Comments, ideas, suggestions are welcome.

Interesting...

For those who do CUDALucas work, could a table be derived which would show where the "sweat spots" (and the related FFT length) are for the ranges currently being worked?

This thought comes out of discussions Kracker and LaurV recently had as to where their kit's best (read: most efficient) work area was for DCing.

[Karl M Johnson]

Such a table will be highly beneficial, but I could only compile it by using Cudalucas with constantly increasing exponents.
I've seen people estimate FFT lengths based on exponent size.
Is there a formula for approximate FFT size, which is based on exponent?
Or is it a rule of thumb?

[LaurV]

The numbers are system-dependent (i.e. GPU mostly). A table will only have guidance character, but the user still need to bench its own system for the range of the expos he is doing. You will be very surprised!

All this discussion we already had for cudaLucas, when Dubslow repeatedly changed (see following posts there) the table used for FFT selection in that program.
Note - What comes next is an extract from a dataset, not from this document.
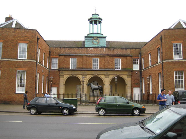 Newmarket: The Jockey Club This is the front façade of the Jockey Club building on Newmarket High Street. Outside is a sculpture of Hyperion the renowned horse that won the Derby in 1933. Contrary to some public misconceptions the Jockey Club is not a club for horse-racing jockeys. It was founded in 1752 as a private members' club and many of its members have been and are prominent racehorse owners. Through the patronage of these members it became the main governing body in horseracing, concerning itself, amongst other matters, with rules of conduct, the licensing of racecourses, jockeys and trainers, and the health and safety of riders and horses. However in 2006, during a major reorganization of the horseracing industry, it vouluntarily passed some of these regulatory responsibilities to the new Horseracing Regulatory Authority. In 2007 the latter body itself ceased to exist and all regulatory matters passed to the British Horseracing Authority. Since 2006 the Jockey Club has concentrated on the commercial aspects of running its racecourses.

We got a list with those best FFT's for different cards, including for Tesla, or for Titan, (and if you dig around those posts, there is a lot of info, say read 4-5 pages back and forth, from about page 150, in the cudaLucas thread), which table is partially embedded into cudaLucas 2.04, and it is doing well for my gtx580, but still has some "small flicks" here and there. I always do my tuning when I switch exponents/ranges.

I mean, the just-written tutorial is nice, and kudos/kotgw to Karl for putting all together, but re-negotiating the same things every 4 months is a bit bothering, don't you think?

The idea is that if you want to squeeze the last bit of speed from the GPU, you need to tune, anyhow. If not, then let cudaLucas to do its job, he is (almost) very good in doing it. With a "table", you won't be able to beat it (except for few very particular cards/systems), unless you make this table a "book" (one table for one GPU, or so). Of course, there are "guides" about the "granularity" of the FFT (again, see cuLu thread), finer granularities doing better than "some small factors times a big prime", but that is not a rule. There are cases when (depending of the number of threads, card, exponent), for example, x*y*2^2*5 and x*y*2*3^2 are both worse than x*y*19. See concrete example in those lists.

[ewmayer]

Quote:

Originally Posted by Karl M Johnson

I've seen people estimate FFT lengths based on exponent size.
Is there a formula for approximate FFT size, which is based on exponent?
Or is it a rule of thumb?

See here, which is based on the heuristic I developed here. That may need a bit of tweaking if your code gives highly disparate ROEs depending on the odd component of the FFT length, but that could be easily added to the basic functionality.